- What you have to do: Copy out the data exactly as it appears, without a single image.

=== Records supplied ===

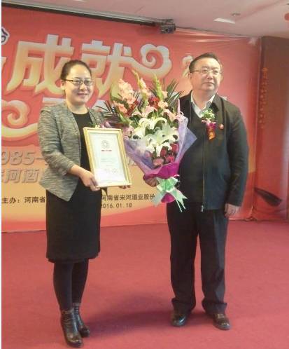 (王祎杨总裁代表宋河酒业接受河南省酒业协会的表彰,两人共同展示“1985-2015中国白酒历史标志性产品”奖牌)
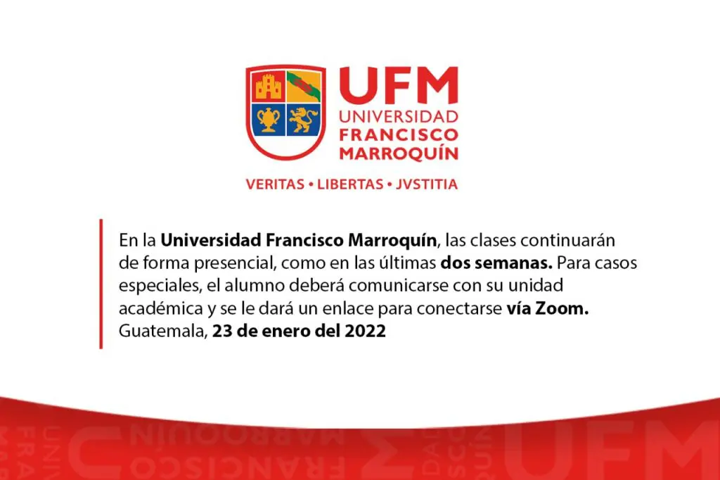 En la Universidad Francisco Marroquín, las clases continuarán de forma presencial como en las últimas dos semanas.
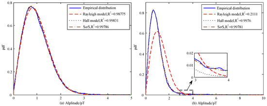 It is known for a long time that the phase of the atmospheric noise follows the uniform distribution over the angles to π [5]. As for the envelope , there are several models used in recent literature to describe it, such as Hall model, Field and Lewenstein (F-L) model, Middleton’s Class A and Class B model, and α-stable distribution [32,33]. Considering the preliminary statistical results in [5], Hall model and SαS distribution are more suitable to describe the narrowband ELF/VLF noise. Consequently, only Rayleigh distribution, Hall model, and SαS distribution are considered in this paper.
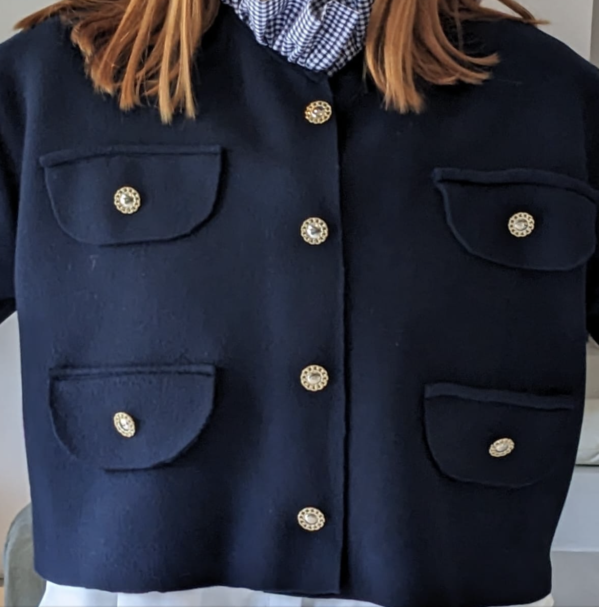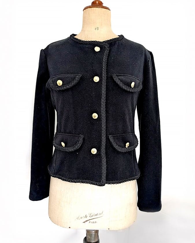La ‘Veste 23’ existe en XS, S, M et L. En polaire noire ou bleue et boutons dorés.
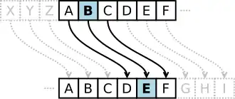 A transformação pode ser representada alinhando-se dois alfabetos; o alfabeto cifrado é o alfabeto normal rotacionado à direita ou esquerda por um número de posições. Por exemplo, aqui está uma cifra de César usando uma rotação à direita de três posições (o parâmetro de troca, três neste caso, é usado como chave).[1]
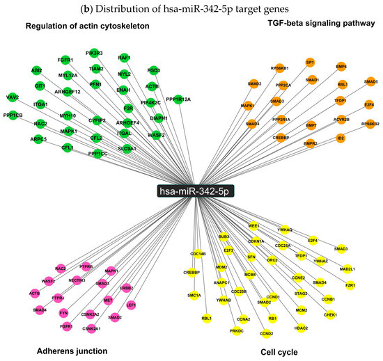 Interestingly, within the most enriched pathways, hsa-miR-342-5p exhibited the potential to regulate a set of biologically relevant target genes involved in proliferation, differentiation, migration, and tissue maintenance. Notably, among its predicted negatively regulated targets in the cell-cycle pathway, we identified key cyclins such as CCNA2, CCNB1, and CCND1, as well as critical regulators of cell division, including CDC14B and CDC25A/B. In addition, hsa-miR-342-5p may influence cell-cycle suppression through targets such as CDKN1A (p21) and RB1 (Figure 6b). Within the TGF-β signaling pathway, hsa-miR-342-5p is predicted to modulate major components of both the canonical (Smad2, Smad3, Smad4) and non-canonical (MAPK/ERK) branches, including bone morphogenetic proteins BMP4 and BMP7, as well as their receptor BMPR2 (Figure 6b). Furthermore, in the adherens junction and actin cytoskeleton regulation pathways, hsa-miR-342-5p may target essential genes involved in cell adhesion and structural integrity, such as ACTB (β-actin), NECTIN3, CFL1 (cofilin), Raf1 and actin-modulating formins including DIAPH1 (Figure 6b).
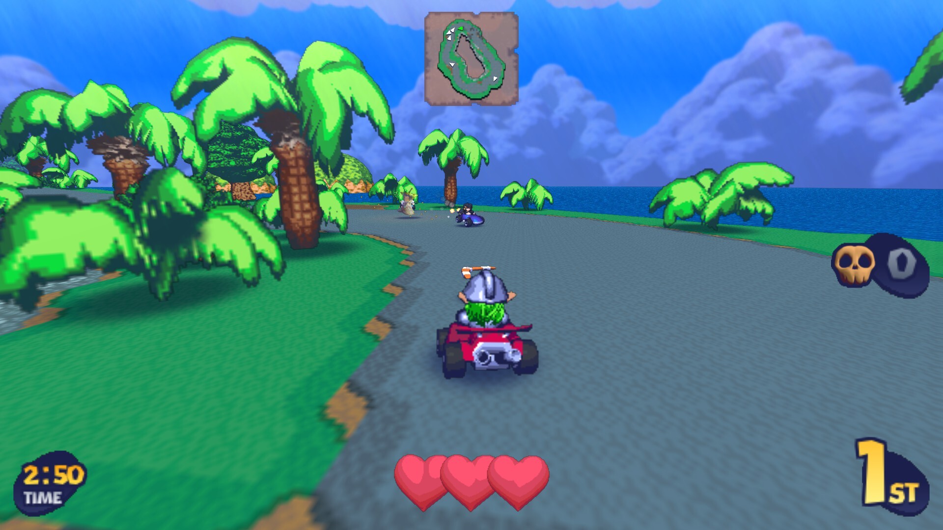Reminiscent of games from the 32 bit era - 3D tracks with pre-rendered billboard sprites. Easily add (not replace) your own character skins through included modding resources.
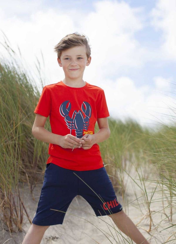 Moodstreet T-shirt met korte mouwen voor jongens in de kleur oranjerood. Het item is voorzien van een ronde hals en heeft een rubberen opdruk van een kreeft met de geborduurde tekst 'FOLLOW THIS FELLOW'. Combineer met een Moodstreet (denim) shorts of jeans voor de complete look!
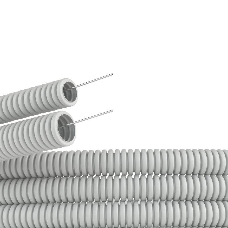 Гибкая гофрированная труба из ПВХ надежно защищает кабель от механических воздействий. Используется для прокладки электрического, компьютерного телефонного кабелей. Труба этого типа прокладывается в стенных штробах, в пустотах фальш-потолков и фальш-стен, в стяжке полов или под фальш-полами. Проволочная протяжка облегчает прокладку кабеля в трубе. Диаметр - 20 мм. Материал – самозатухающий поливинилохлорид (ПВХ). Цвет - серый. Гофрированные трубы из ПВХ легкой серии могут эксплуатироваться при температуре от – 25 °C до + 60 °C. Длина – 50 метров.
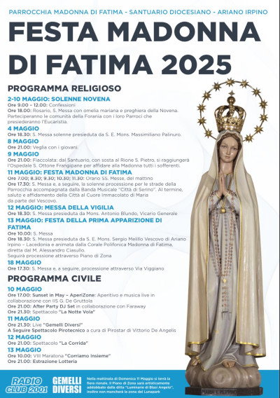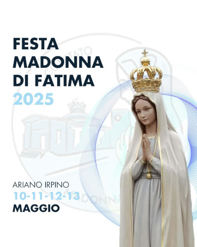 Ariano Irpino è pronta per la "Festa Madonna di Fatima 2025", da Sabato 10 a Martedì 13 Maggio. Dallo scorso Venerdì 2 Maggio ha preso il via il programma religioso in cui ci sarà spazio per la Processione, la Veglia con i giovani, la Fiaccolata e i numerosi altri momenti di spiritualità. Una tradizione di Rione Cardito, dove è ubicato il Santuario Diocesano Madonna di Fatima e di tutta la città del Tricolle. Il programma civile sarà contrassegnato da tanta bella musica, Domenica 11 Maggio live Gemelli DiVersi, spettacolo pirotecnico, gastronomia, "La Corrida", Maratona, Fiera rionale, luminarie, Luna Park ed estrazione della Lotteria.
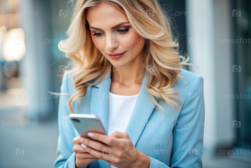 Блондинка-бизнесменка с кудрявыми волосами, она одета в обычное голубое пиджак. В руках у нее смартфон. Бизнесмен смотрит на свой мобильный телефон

===

- Response to this task:
 (王祎杨总裁代表宋河酒业接受河南省酒业协会的表彰,两人共同展示“1985-2015中国白酒历史标志性产品”奖牌)
 En la Universidad Francisco Marroquín, las clases continuarán de forma presencial como en las últimas dos semanas.
 It is known for a long time that the phase of the atmospheric noise follows the uniform distribution over the angles to π [5]. As for the envelope , there are several models used in recent literature to describe it, such as Hall model, Field and Lewenstein (F-L) model, Middleton’s Class A and Class B model, and α-stable distribution [32,33]. Considering the preliminary statistical results in [5], Hall model and SαS distribution are more suitable to describe the narrowband ELF/VLF noise. Consequently, only Rayleigh distribution, Hall model, and SαS distribution are considered in this paper.
La ‘Veste 23’ existe en XS, S, M et L. En polaire noire ou bleue et boutons dorés.
 A transformação pode ser representada alinhando-se dois alfabetos; o alfabeto cifrado é o alfabeto normal rotacionado à direita ou esquerda por um número de posições. Por exemplo, aqui está uma cifra de César usando uma rotação à direita de três posições (o parâmetro de troca, três neste caso, é usado como chave).[1]
 Interestingly, within the most enriched pathways, hsa-miR-342-5p exhibited the potential to regulate a set of biologically relevant target genes involved in proliferation, differentiation, migration, and tissue maintenance. Notably, among its predicted negatively regulated targets in the cell-cycle pathway, we identified key cyclins such as CCNA2, CCNB1, and CCND1, as well as critical regulators of cell division, including CDC14B and CDC25A/B. In addition, hsa-miR-342-5p may influence cell-cycle suppression through targets such as CDKN1A (p21) and RB1 (Figure 6b). Within the TGF-β signaling pathway, hsa-miR-342-5p is predicted to modulate major components of both the canonical (Smad2, Smad3, Smad4) and non-canonical (MAPK/ERK) branches, including bone morphogenetic proteins BMP4 and BMP7, as well as their receptor BMPR2 (Figure 6b). Furthermore, in the adherens junction and actin cytoskeleton regulation pathways, hsa-miR-342-5p may target essential genes involved in cell adhesion and structural integrity, such as ACTB (β-actin), NECTIN3, CFL1 (cofilin), Raf1 and actin-modulating formins including DIAPH1 (Figure 6b).
Reminiscent of games from the 32 bit era - 3D tracks with pre-rendered billboard sprites. Easily add (not replace) your own character skins through included modding resources.
 Moodstreet T-shirt met korte mouwen voor jongens in de kleur oranjerood. Het item is voorzien van een ronde hals en heeft een rubberen opdruk van een kreeft met de geborduurde tekst 'FOLLOW THIS FELLOW'. Combineer met een Moodstreet (denim) shorts of jeans voor de complete look!
 Гибкая гофрированная труба из ПВХ надежно защищает кабель от механических воздействий. Используется для прокладки электрического, компьютерного телефонного кабелей. Труба этого типа прокладывается в стенных штробах, в пустотах фальш-потолков и фальш-стен, в стяжке полов или под фальш-полами. Проволочная протяжка облегчает прокладку кабеля в трубе. Диаметр - 20 мм. Материал – самозатухающий поливинилохлорид (ПВХ). Цвет - серый. Гофрированные трубы из ПВХ легкой серии могут эксплуатироваться при температуре от – 25 °C до + 60 °C. Длина – 50 метров.
 Ariano Irpino è pronta per la "Festa Madonna di Fatima 2025", da Sabato 10 a Martedì 13 Maggio. Dallo scorso Venerdì 2 Maggio ha preso il via il programma religioso in cui ci sarà spazio per la Processione, la Veglia con i giovani, la Fiaccolata e i numerosi altri momenti di spiritualità. Una tradizione di Rione Cardito, dove è ubicato il Santuario Diocesano Madonna di Fatima e di tutta la città del Tricolle. Il programma civile sarà contrassegnato da tanta bella musica, Domenica 11 Maggio live Gemelli DiVersi, spettacolo pirotecnico, gastronomia, "La Corrida", Maratona, Fiera rionale, luminarie, Luna Park ed estrazione della Lotteria.
 Блондинка-бизнесменка с кудрявыми волосами, она одета в обычное голубое пиджак. В руках у нее смартфон. Бизнесмен смотрит на свой мобильный телефон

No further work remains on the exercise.